§ **To do**: Please repeat, from the entries that follow, the lines from the one containing "우여곡절 끝에 트리 점등식까지" through the one containing "宜兴紫砂茶宠茶桌摆件精品纯手工可养财神爷描金24k双色粉浆雕塑" exactly, adding nothing.

§ **Collected data**:
>>>
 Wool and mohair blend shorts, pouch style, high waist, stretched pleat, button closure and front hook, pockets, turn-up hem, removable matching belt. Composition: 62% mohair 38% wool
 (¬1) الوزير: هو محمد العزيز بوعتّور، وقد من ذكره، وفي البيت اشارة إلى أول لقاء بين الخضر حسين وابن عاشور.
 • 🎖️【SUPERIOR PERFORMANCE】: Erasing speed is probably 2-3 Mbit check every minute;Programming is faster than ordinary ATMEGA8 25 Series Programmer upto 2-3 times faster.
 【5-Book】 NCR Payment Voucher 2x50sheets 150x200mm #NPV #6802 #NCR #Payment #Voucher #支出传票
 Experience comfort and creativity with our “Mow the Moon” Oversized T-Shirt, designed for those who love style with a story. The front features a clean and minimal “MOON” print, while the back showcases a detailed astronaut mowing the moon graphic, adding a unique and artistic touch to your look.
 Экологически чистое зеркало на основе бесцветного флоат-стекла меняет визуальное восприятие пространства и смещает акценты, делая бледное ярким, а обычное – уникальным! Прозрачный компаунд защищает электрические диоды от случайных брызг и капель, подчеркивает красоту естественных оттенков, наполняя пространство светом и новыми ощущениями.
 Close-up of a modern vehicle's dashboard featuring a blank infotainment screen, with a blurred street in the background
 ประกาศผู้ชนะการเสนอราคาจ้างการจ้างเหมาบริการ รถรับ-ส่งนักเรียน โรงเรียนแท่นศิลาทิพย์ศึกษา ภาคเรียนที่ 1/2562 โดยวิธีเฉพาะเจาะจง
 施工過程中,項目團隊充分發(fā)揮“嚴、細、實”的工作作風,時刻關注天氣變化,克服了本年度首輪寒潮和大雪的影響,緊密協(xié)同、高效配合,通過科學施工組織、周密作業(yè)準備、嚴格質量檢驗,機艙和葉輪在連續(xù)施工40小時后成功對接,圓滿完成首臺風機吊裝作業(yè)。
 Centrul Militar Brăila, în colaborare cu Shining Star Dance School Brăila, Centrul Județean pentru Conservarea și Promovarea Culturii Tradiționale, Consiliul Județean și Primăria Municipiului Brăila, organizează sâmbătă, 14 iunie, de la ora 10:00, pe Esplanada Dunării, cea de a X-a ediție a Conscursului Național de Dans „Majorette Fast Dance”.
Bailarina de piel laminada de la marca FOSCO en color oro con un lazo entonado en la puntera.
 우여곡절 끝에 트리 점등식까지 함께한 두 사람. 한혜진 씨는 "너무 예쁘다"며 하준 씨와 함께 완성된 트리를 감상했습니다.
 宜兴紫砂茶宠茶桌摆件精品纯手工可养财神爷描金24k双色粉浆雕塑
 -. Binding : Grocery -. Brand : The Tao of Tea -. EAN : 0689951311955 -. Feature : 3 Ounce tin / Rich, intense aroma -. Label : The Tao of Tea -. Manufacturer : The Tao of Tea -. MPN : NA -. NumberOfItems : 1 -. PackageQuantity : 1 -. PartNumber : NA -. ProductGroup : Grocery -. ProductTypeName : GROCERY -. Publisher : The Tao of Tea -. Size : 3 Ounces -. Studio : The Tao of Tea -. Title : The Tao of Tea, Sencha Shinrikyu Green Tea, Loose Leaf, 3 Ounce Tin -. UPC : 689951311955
<<<
§ **Output of the task**:
 우여곡절 끝에 트리 점등식까지 함께한 두 사람. 한혜진 씨는 "너무 예쁘다"며 하준 씨와 함께 완성된 트리를 감상했습니다.
 宜兴紫砂茶宠茶桌摆件精品纯手工可养财神爷描金24k双色粉浆雕塑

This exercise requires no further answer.